Aí olhou para cima. E mais lhe surgiu. Ora, um pé de carambolas! Maduras… Parecia uma brincadeira invisível. O que pôde fazer, diante dela? Abriu-se mais, em graça. Disse “com licença”, e foi colhendo as frutas ao alcance da mão.

Sacola pesada, retornou à casa, sensivelmente alterada. Sentiu-se permeada de um jeito novo de olhar as coisas, que a inundava de paz.

Tão próspera, provida, competente, sentiu-se mãe, mulher, grávida, lactante, como se o mundo pudesse passar pelo seu corpo para que ela agraciasse seus semelhantes.

Foi humildemente poderosa que pisou na cozinha. Vestiu o avental como se fosse um paramento, e era. Porque ela, agora iniciada no amplo significado do ato de nutrir, sacramentava-o.

Enquanto o feijão cozinhava e a água do arroz escorria, lavou as folhas com afeto. Picou os temperos. Bateu os ovos. Tão plena, não quis nem cantar, que tanto lhe parecia combinar com o fazer comida. Queria respirar, sentir. Experimentava ser. Silenciosamente. Mas escapavam-lhe sorrisos. E louvores.

Fritou o alho, a cebola e a pimenta em pouco óleo. Jogou-os no feijão cozido, cujos grãos eram cápsulas de puro creme, e salgou. O sumo doce das carambolas virou refresco.

Trabalhou com a boa vontade que era sua e com o capricho que era de Deus. O que a guiava não era a pretensão, era a singela vontade de fazer bem feito e ofertar.

Serviu o almoço na varanda fresca. Honestamente: arroz, feijão, omelete, salada e suco.

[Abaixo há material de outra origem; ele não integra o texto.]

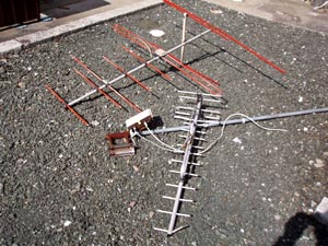 | テレビの映りがどうも良くない。ケーブルテレビなのに困るなあ、などと思いながら屋根に上がってみる。見るとケーブルの引き込み線からテレビに至るまでに、分配器が3個も入っている。 どうやらケーブルテレビと衛星放送の両方をつなぐために、タコ足にしたらしい。 業者にまかすとこれだから。配線を直して、ついでに放置してあったアンテナを取り外す。バッチリ映るようになった。 |

Mas enxergava uma comida iluminada, a mais bonita que já tinha visto, ali nas panelas mesmo, colocada sobre a toalha de chitão, estampada de flores coloridas de alaranjado e azul-royal, como a sabedoria e o apurado senso estético do dono da casa, que sabe apreciar a riqueza cultural do nosso povo, lhe permitiram escolher. E o cheiro, como cheirava aquele almoço! Coisa mais luxuosa.

As crianças emergiram dos quintais. Os homens retornaram. Trouxeram bananas, que douraram a mesa.

Com o sol a pino, ali comeram, confraternizaram acompanhados dos cachorros, todos felizes naquela família de consanguíneos, agregados e simpatizantes, grandes e pequenos, filhos do norte e do sul, da floresta e da cidade, todos irmãos e amigos reunidos em torno do sagrado banquete.